Once a scientist has formulated a hypothesis, they must then test it to see if it is correct. If the data support the hypothesis, then the scientist can draw scientifically grounded conclusions from the data. If the data does not support the hypothesis, then the scientist must come up with a new hypothesis.

Scientific conclusions must be based on evidence, and scientists must always be willing to change their conclusions in the face of new evidence.

When writing about scientific findings, it is important to be clear and concise. It is also important to explain the findings in a way that is meaningful to non-scientists.

Assignment Brief 8: Explain the main units of biochemical measurements and perform the basic calculations used in biochemistry.

The main units of biochemical measurements are mass (g), volume (mL), and concentration (M). Molarity (M) is defined as the number of moles of solute per liter of solution, and it is the most commonly used unit of concentration in biochemistry.

To calculate the concentration of a solution, you divide the mass of the solute by the volume of the solution. For example, if you have a 0.5 M NaCl solution, that means there are 0.5 moles of NaCl per liter of solution. To calculate the amount of solute in a given volume, you multiply the concentration by the volume. So if you wanted to know how many grams are in 10 mL of a 0.5 M NaCl solution, you would multiply 0.5 x 10 to get 5 g.

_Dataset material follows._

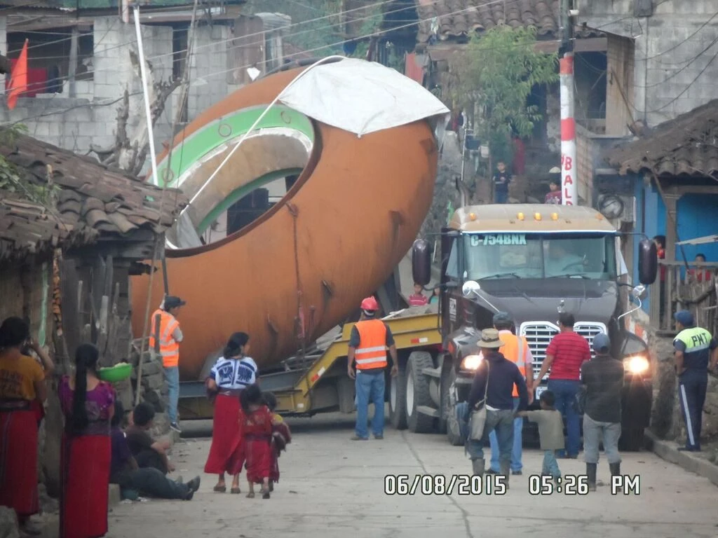 The highlight of this transport was the very difficult road conditions. SAC Internacional designed a special package with a steel base with exactly the dimensions and position to be able to cross a town. As you can see from the pictures, the position of the piece allows them to pass some narrow places, the lower side of the piece cross town below the roofs, and the higher over the roofs.

The other units of concentration that are sometimes used in biochemistry are mole fraction (X) and morality (m). Mole fraction is defined as the number of moles of solute per mole of the solution, and it is usually expressed as a decimal. Morality is defined as the number of moles of solute per kilogram of solvent, and it is usually expressed as a percentage.

These are the basic units and calculations used in biochemistry. It is important to be able to understand and use these concepts when working with biochemical data.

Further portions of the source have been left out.